Tal, so in respect of our 2018 -- or 2019 maturities, I'm very much anticipating to refinance in normal course and a lot of them are rolling shorter-term facilities. In terms of our broader strategy on the balance sheet, I continue to emphasize that we have really a balance sheet that's quite flexible and poised for both deleveraging as well as significantly accreting -- or accretive refinancing. We have about $250 million of corporate and property level financing with a weighted average interest rate of just about 7%. And in the context of today's market, that could be refinanced at significantly lower rates to the tune of about 200 basis points. So that would probably take us to a bit more of an unsecured strategy relative to what we have today. And then as we look to grow in various regions, we also note that we look to leverage those respective capital structures, and we note the accretion that comes through from our in-country financing, specifically in Germany as well as in Australia, when we have the benefit of our JV partner.

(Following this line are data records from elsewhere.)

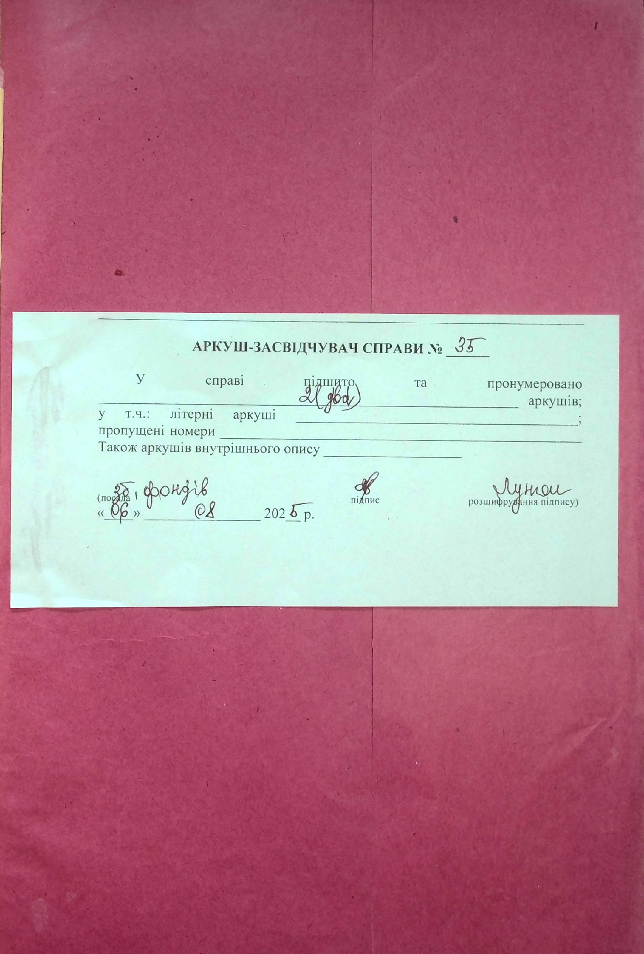Фонд 71 / Опис 1 / Справа 035
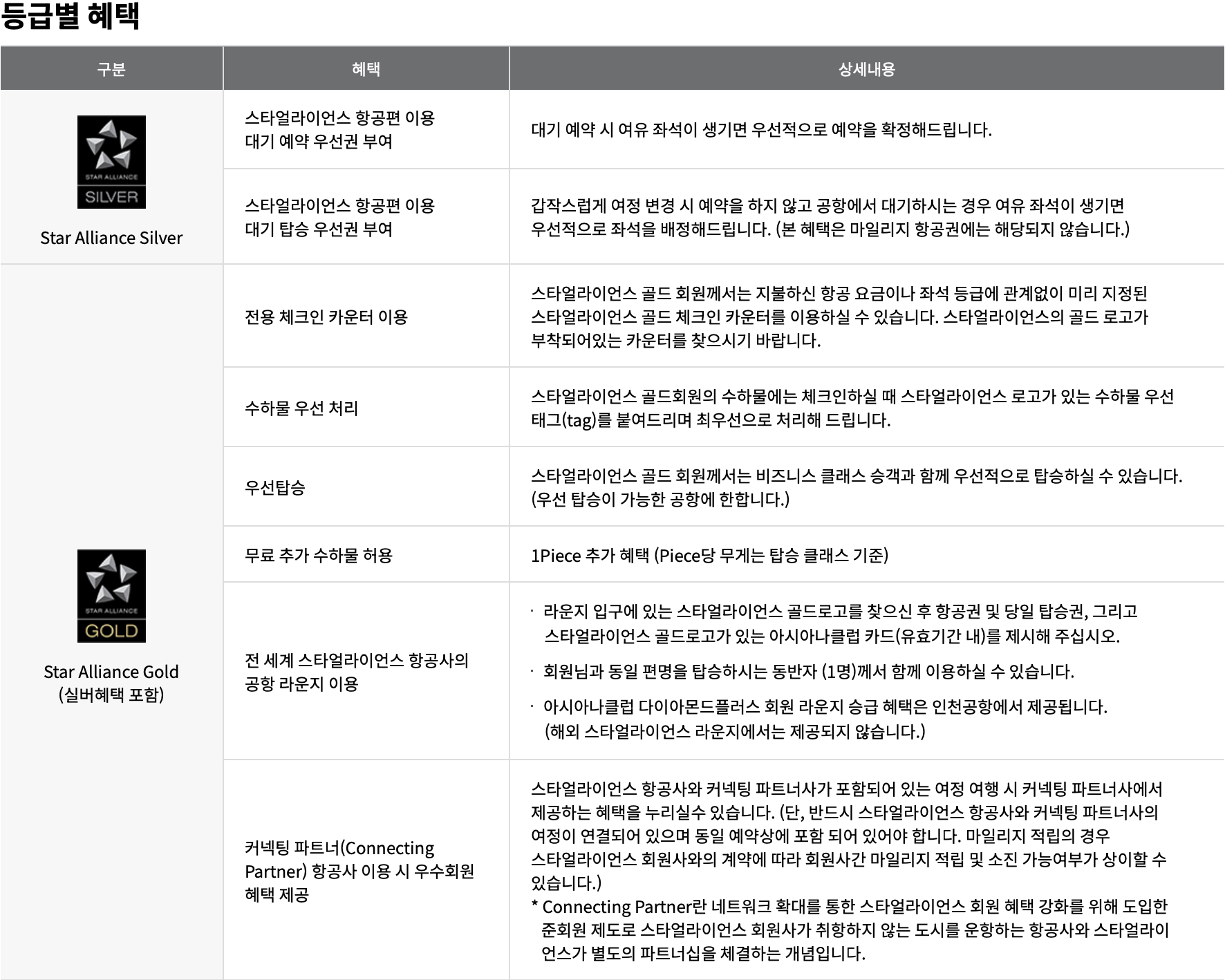 스타얼라이언스 등급별 혜택
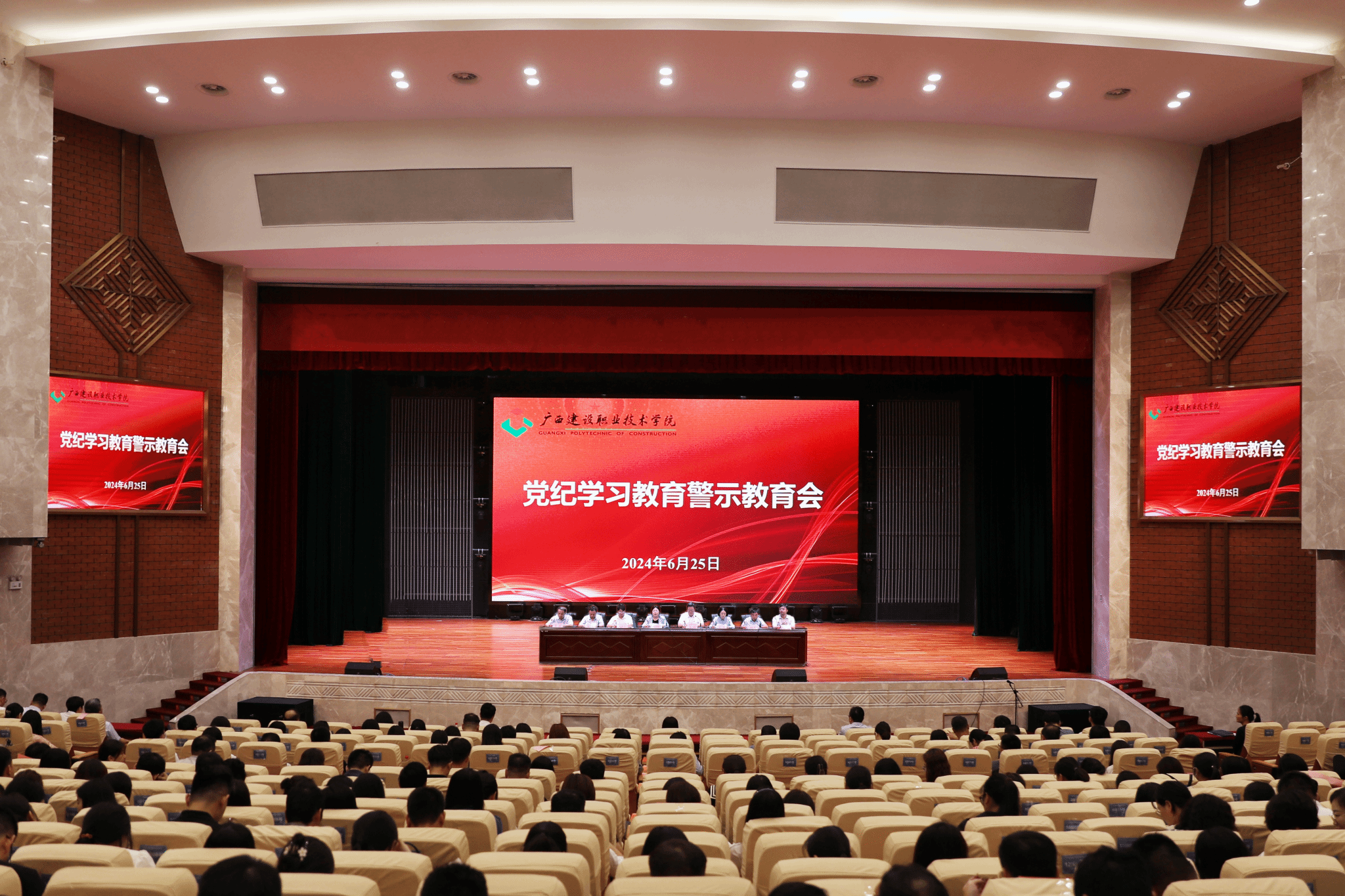 廣西6月26日訊(文/紀委辦公室 李雪萍 圖/黨委宣傳部 韋植巍 記者團 李承宏)為深入學習貫徹習近平總書記關于全面加強黨的紀律建設的重要論述,認真落實黨中央和自治區黨委關于黨紀學習教育的部署要求,6月25日,黨紀學習教育警示教育會在學校禮堂召開。學校領導班子成員,黨委委員,紀委委員,各二級學院黨政領導班子成員、各職能部門正副職負責人,校屬企業班子成員,教職工黨員、離退休黨員參加了會議。會上,與會人員集體觀看了由自治區紀委監委制作的黨紀學習教育警示教育系列專題片《...

Okay. And then my last question is just on, as you -- your investment priority seemed to be very much outside Canada, mostly from what you mean -- or from what you discussed earlier. Is there some sort of threshold of having assets outside Canada where you start -- where tax planning becomes a little more complicated? Like, I guess, I'm just wondering because you'll have so much outside of the country. Is there a size at which that sort of maintaining the REIT structure and -- or just, yes, your tax planning gets a bit more complicated?
Yes, Tal, I'm happy to take that on. There is a lot embedded in that question, and -- I mean, I guess, at the highest level in terms of minimum Canadian content, if you may, for REIT or SIF status. That's not necessarily a driver, and we don't see that as being a constraint. We are a REIT -- I mean, a SIF in all of our regions and that hasn't posed an issue historically, and we don't see any constraints around that.
[Operator Instructions] There are no further questions at this time. Please proceed.
Okay. Thank you, operator, and thank you, again, to everyone participating on the call. We do appreciate your interest in NorthWest. Goodbye, and have a good day. Thank you.
Ladies and gentlemen, this concludes your conference call for today. We thank you for participating and ask that you please disconnect your lines.